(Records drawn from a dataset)
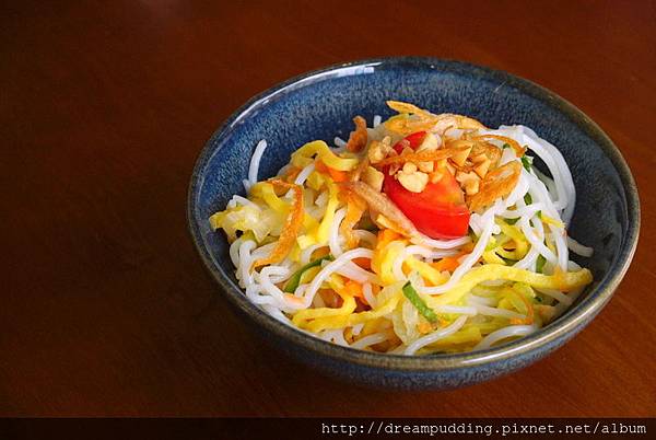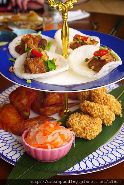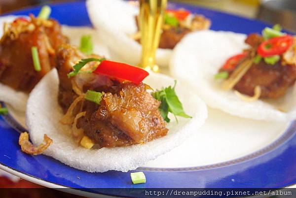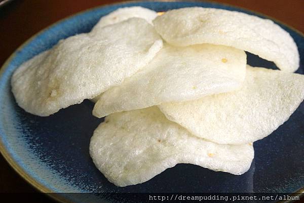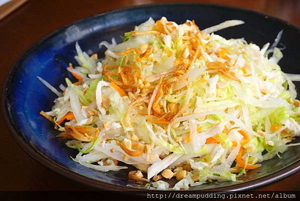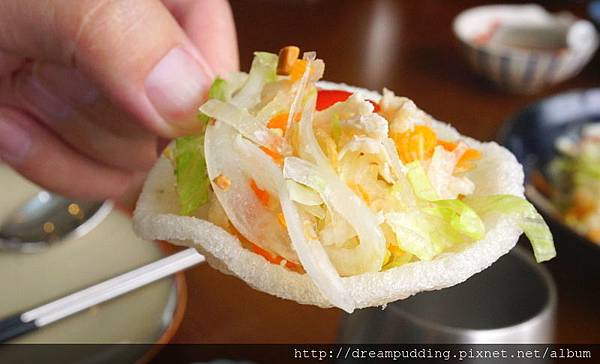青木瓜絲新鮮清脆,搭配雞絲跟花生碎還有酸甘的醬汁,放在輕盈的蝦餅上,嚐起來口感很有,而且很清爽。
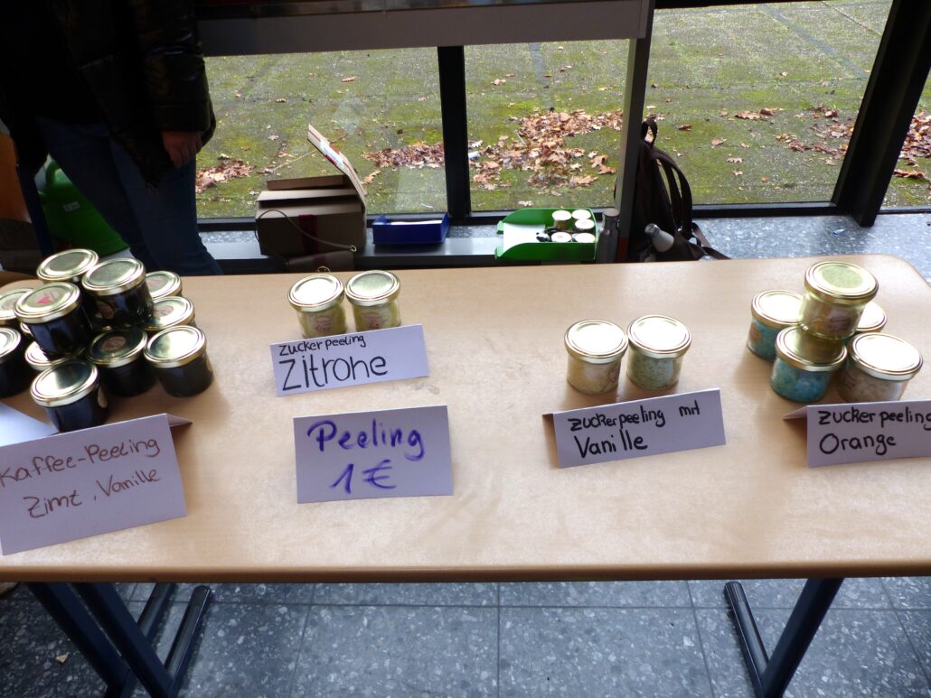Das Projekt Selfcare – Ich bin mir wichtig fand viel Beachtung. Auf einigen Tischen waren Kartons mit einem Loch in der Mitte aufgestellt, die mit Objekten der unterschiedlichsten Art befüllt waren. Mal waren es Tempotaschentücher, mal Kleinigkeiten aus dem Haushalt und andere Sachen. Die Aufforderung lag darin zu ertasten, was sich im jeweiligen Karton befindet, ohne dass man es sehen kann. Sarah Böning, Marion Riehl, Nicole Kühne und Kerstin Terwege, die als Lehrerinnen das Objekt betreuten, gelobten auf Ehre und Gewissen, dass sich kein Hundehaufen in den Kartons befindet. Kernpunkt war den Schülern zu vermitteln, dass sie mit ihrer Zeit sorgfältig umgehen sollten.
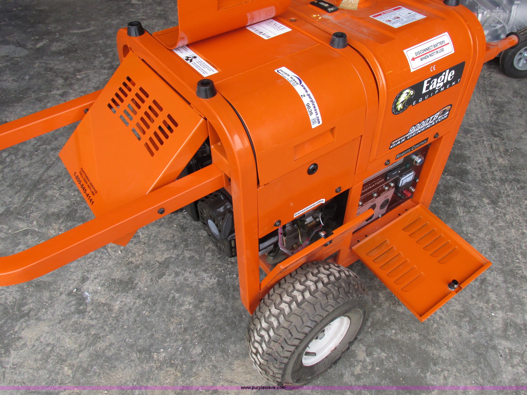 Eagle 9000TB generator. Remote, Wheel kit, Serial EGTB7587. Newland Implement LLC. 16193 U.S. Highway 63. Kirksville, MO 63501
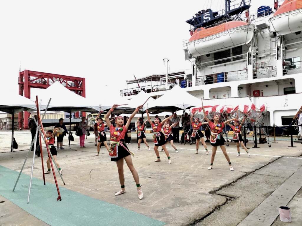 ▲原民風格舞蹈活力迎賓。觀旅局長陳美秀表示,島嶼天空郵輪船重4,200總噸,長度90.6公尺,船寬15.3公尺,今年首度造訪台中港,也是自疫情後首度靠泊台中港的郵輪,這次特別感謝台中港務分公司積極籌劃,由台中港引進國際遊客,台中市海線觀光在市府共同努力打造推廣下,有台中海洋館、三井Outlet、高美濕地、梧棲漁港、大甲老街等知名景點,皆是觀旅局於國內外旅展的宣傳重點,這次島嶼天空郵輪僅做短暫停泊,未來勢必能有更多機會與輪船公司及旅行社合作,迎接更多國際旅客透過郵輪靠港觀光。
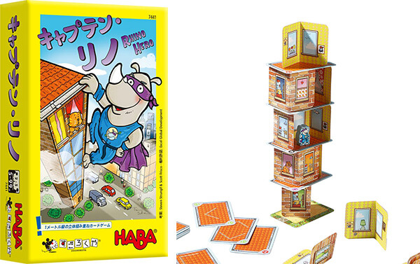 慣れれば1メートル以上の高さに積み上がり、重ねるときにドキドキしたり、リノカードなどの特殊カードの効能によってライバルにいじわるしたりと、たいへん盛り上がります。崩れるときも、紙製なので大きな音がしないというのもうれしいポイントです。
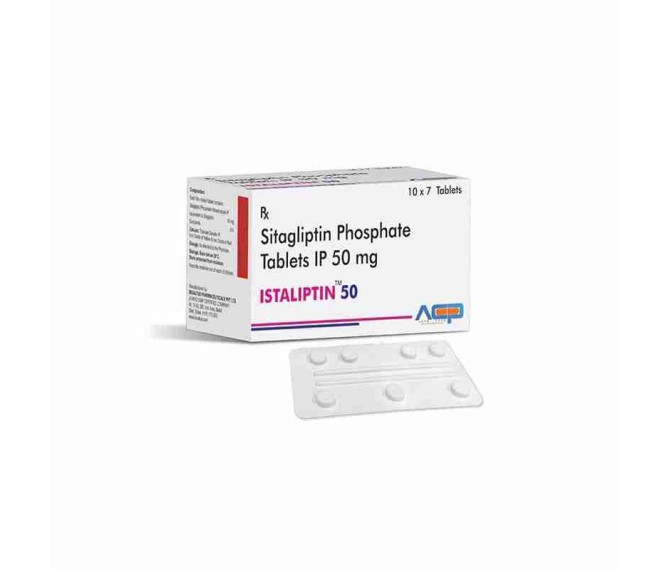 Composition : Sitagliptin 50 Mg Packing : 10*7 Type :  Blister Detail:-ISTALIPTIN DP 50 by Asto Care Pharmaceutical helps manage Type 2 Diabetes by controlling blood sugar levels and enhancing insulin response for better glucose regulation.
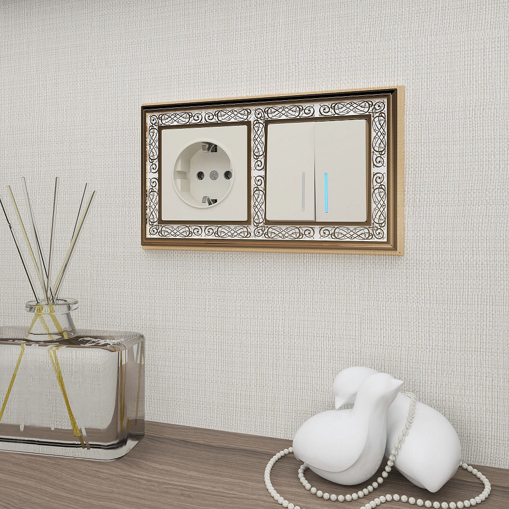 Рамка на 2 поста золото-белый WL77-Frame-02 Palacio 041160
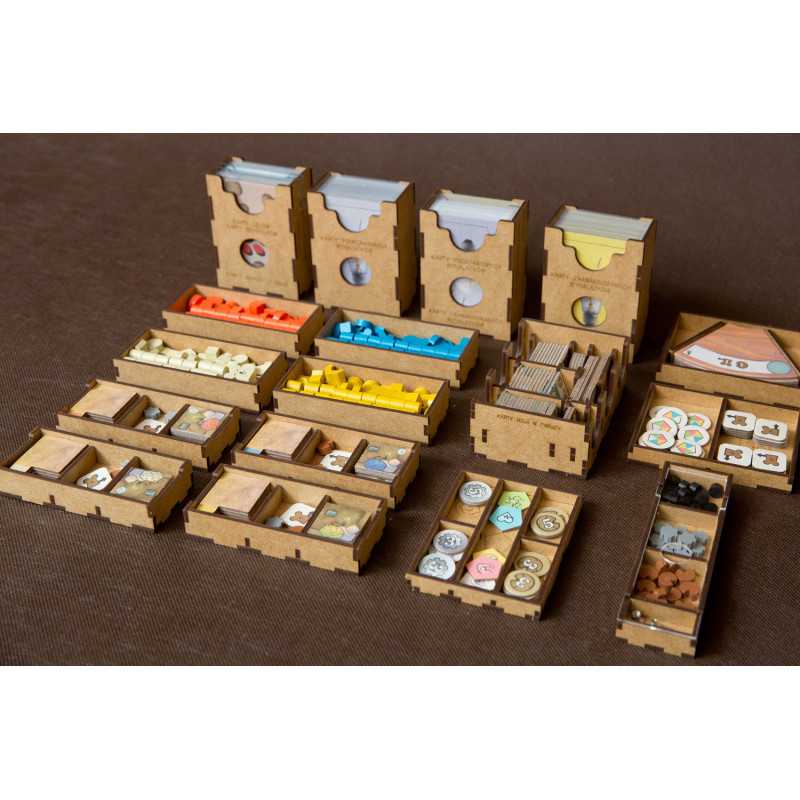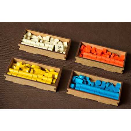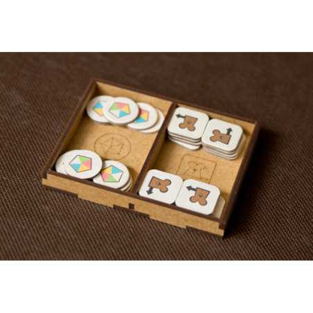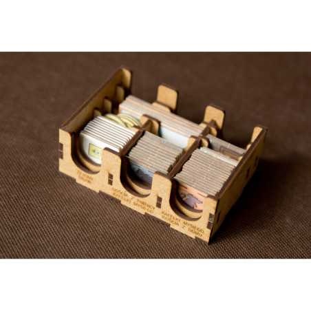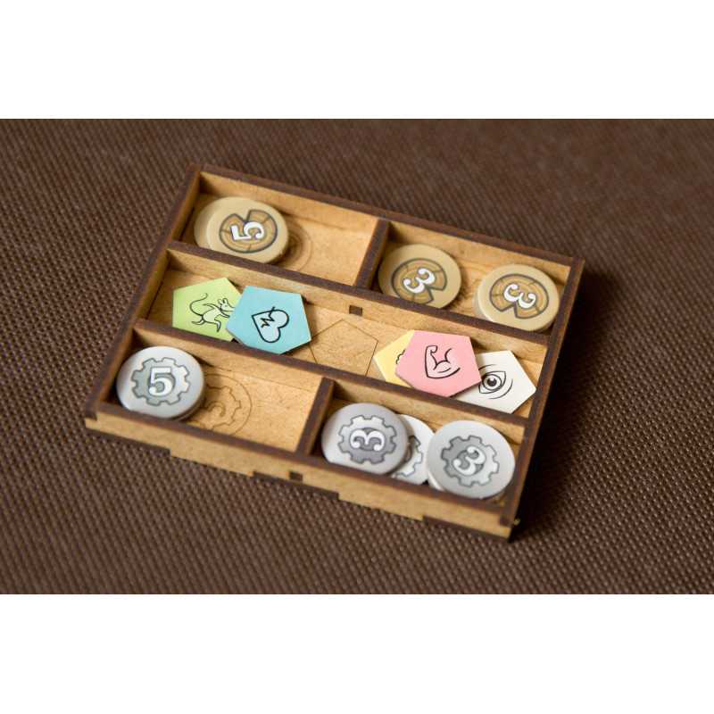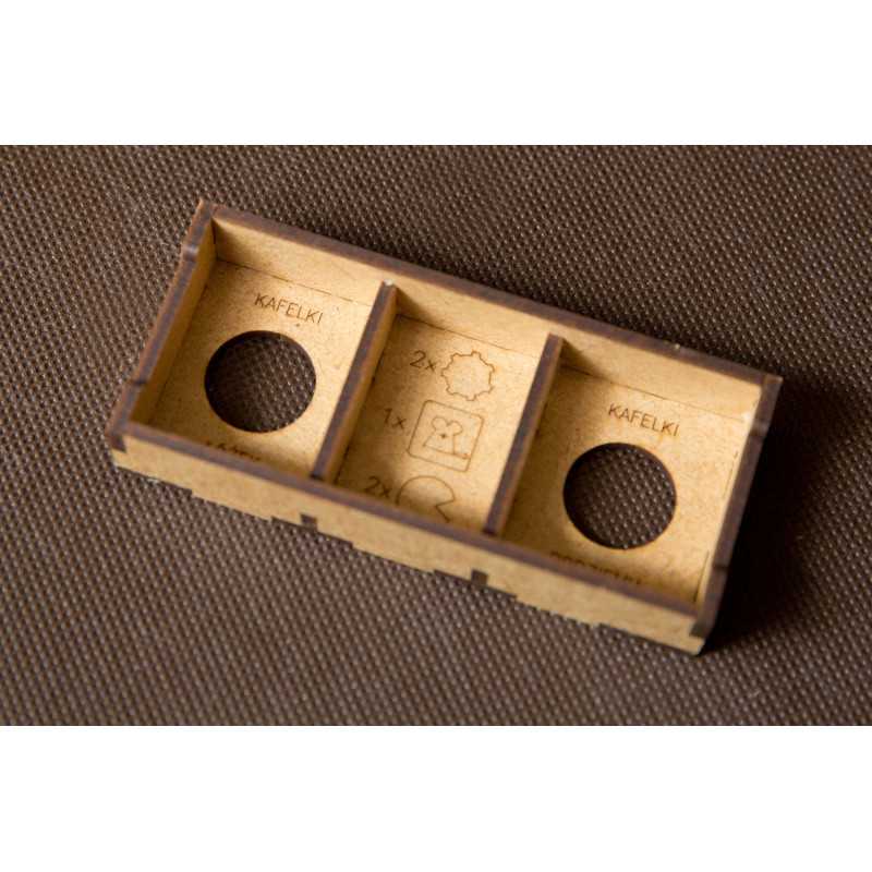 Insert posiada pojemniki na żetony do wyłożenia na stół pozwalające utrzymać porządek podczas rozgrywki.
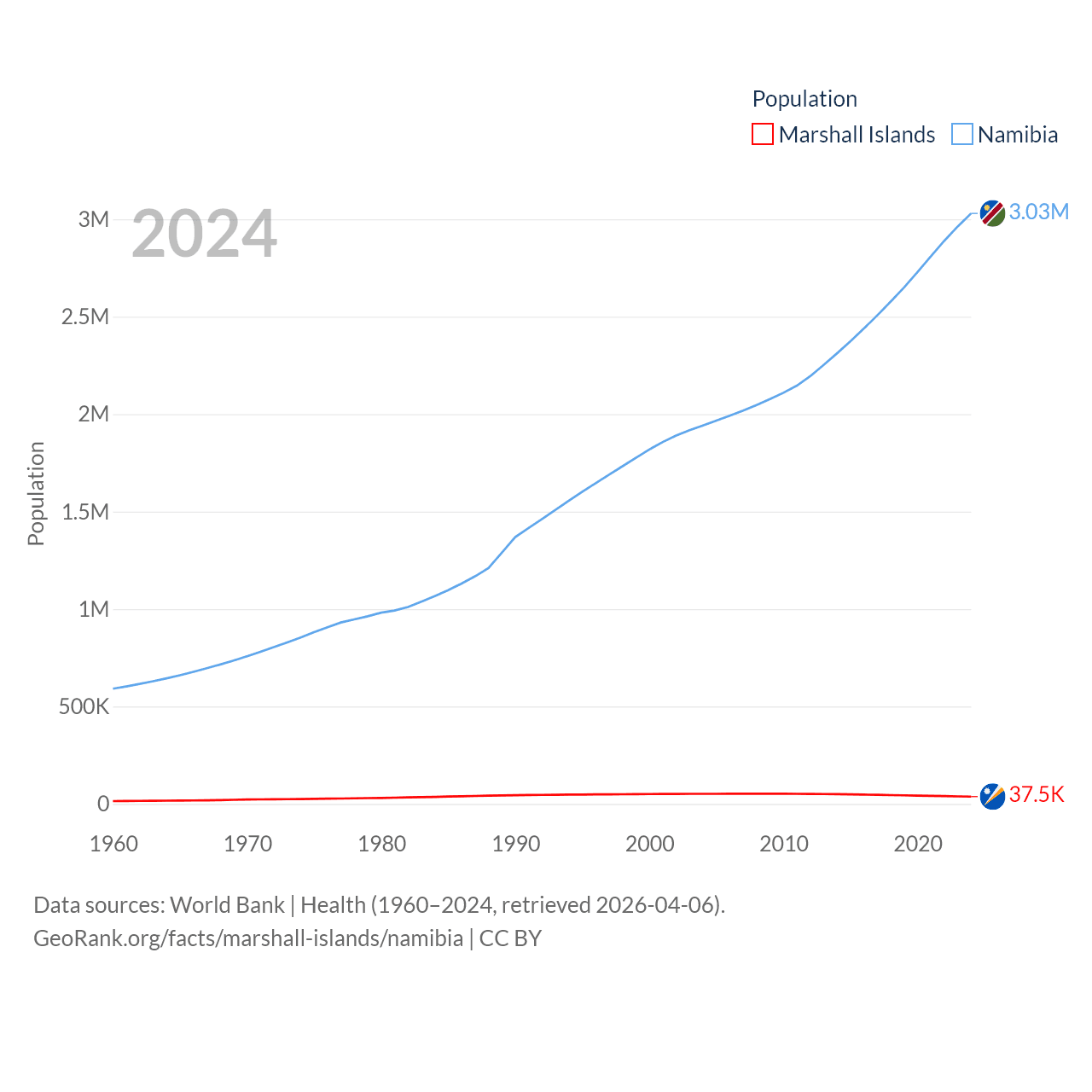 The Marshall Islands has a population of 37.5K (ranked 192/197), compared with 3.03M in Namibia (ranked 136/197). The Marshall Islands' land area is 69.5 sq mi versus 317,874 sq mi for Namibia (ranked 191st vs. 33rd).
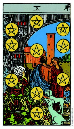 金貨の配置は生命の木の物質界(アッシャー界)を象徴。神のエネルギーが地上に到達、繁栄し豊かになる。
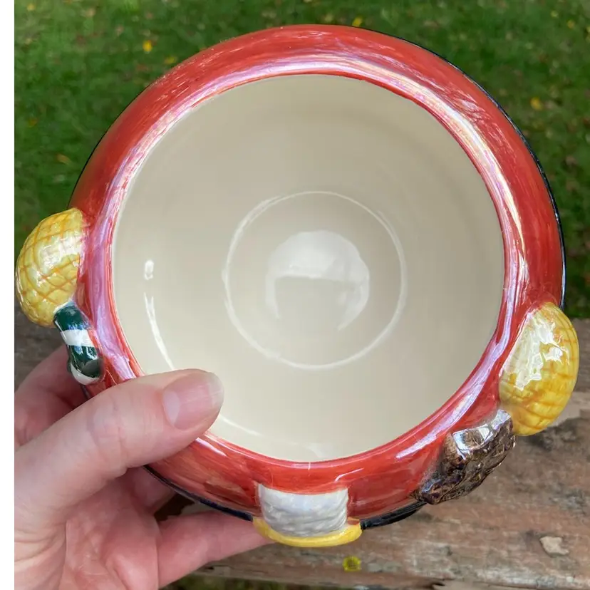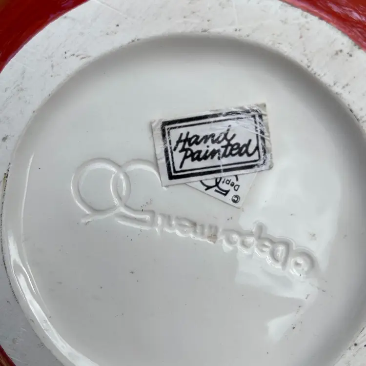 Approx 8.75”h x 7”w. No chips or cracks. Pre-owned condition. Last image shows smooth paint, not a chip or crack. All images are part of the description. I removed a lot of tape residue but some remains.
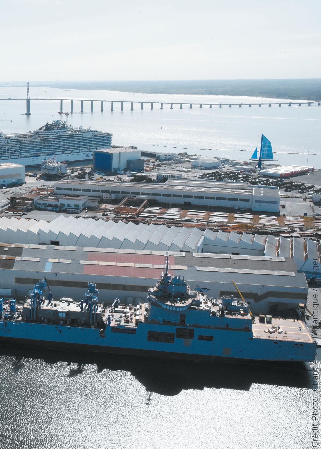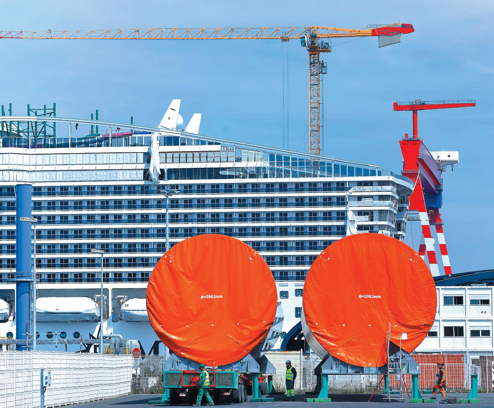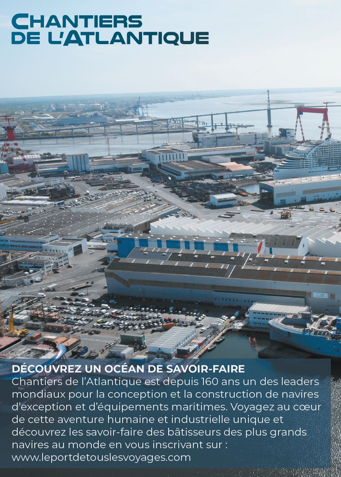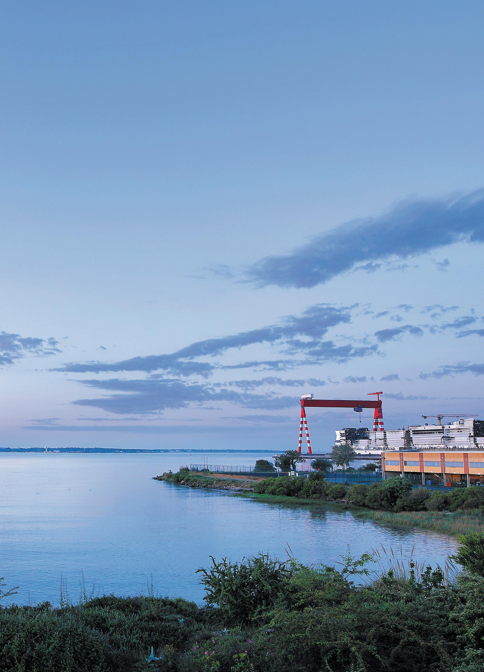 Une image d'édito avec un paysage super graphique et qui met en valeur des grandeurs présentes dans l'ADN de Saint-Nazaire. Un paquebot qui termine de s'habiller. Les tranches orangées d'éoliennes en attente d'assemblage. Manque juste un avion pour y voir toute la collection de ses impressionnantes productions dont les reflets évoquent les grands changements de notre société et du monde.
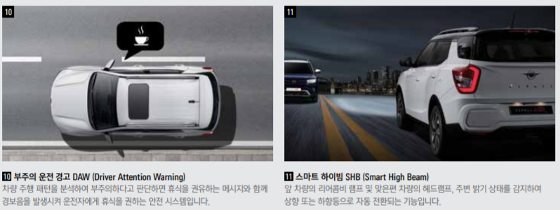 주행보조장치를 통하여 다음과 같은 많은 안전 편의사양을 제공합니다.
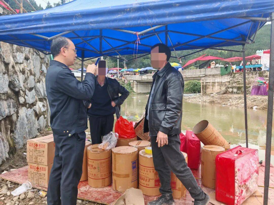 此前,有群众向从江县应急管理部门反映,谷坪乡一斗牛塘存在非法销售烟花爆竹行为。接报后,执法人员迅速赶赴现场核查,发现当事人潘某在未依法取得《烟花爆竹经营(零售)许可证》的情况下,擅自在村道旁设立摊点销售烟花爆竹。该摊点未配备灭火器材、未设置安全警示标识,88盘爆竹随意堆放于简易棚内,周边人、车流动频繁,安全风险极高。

=== EXERCISE DETAILS ===
Would you transcribe the lines above exactly, going from the line bearing "but some remains." through the line bearing "주행보조장치를 통하여 다음과 같은 많은 안전 편의사양을 제공합니다.", and drop the pictures from the copy?

=== RESPONSE BELOW ===
 Approx 8.75”h x 7”w. No chips or cracks. Pre-owned condition. Last image shows smooth paint, not a chip or crack. All images are part of the description. I removed a lot of tape residue but some remains.
 Une image d'édito avec un paysage super graphique et qui met en valeur des grandeurs présentes dans l'ADN de Saint-Nazaire. Un paquebot qui termine de s'habiller. Les tranches orangées d'éoliennes en attente d'assemblage. Manque juste un avion pour y voir toute la collection de ses impressionnantes productions dont les reflets évoquent les grands changements de notre société et du monde.
 주행보조장치를 통하여 다음과 같은 많은 안전 편의사양을 제공합니다.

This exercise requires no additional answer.